By Paul Gregory, Professor, Department of Economics

Energy producers and OPEC ministers, meeting at CERAWeek in Houston, grappled with a global glut of oil that was not supposed to be. Back in November, OPEC and non-OPEC oil producers agreed to their first production cut in eight years. Thus ended a Saudi-led experiment with free markets that had driven down crude prices to historic lows. The Saudi gamble was that low prices would dry up U.S. shale investment, rig counts, and hence crude production, that competes with OPEC and Russian output.

The experiment apparently failed.

Meeting in Houston with $50 plus crude, the OPEC team, represented by the Saudi oil minister, Khalid Al-Falih, and Russia’s energy minister, Alexander Novak, grudgingly acknowledged being caught off guard by a second wave of U.S. shale production at prices they had thought would throttle the shale industry.

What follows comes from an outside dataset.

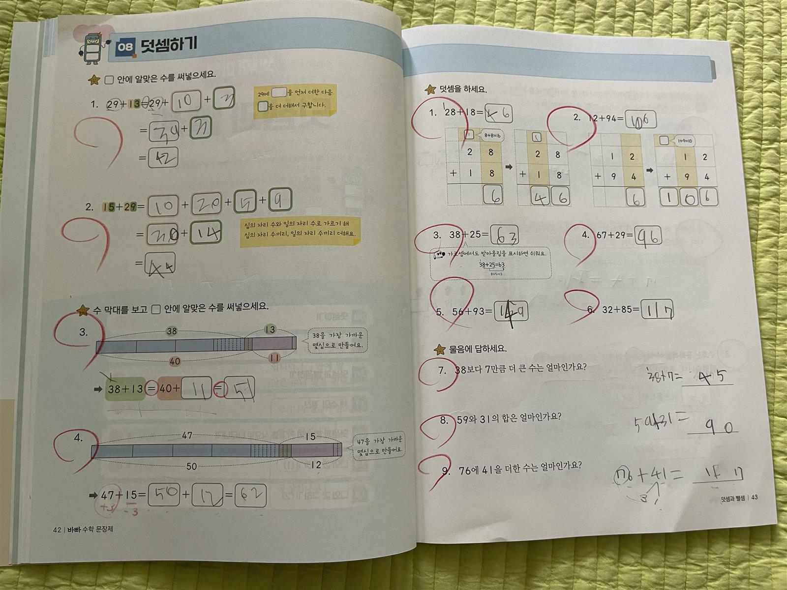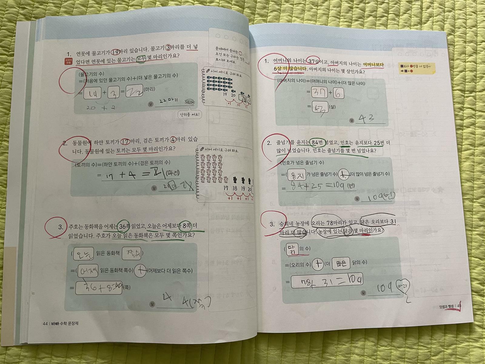 2학년 아이와 지금 배우고 있는 문장제도 풀어보고, 배웠던 내용들 단원평가도 풀어 보았어요.^^

The production quotas orchestrated by OPEC and Russia were supposed to stabilize prices below production costs of shale producers and drive them from the market. To everyone’s surprise, shale producers had used technological advances and short start-up times to push down break-even costs, below $50 in the Permian Basin.

Even the shale oil producers themselves were surprised by the speed of recovery. U.S. crude output rose to nine million barrels a day, and the global glut as expressed by rising crude inventories refused to go away, despite OPEC actions.

The OPEC-Russia coalition apparently did not anticipate that they were facing a new type of competition, one that could respond quickly and innovate to plumb the depths of cost economies.

The OPEC-Russia production cuts had been scheduled to last a half year, and they appear to have been implemented. With crude prices falling and inventories rising, OPEC – mainly Saudi Arabia – must decide whether to extend the cuts, even though the first set of cuts did not work out as planned.

The Saudi minister’s comments in Houston must have sent a chill down the spine of his Russian counterpart, as he announced that Saudi Arabia will not “bear the burden of free riders.” He also warned U.S. producers that it would be “wishful thinking” to expect Saudi Arabia and OPEC to “underwrite the investments of others [US shale producers] at our expense” through production cuts. Don’t expect us to keep prices so high that your investments are safe and you are freed from the pressure to push down costs to stay in business.

Translated, the Saudi minister warned his fellow OPEC members and Russia that Saudi Arabia is not prepared to cut its own production, which it can pump at low breakeven costs, to keep prices up for high-cost “free riders,” such as Russia. Russia, with its depleting reserves, antiquated technology, isolation from Western capital and technology, and Petrostate dependence on oil revenues must learn to live with $50 (or below) oil.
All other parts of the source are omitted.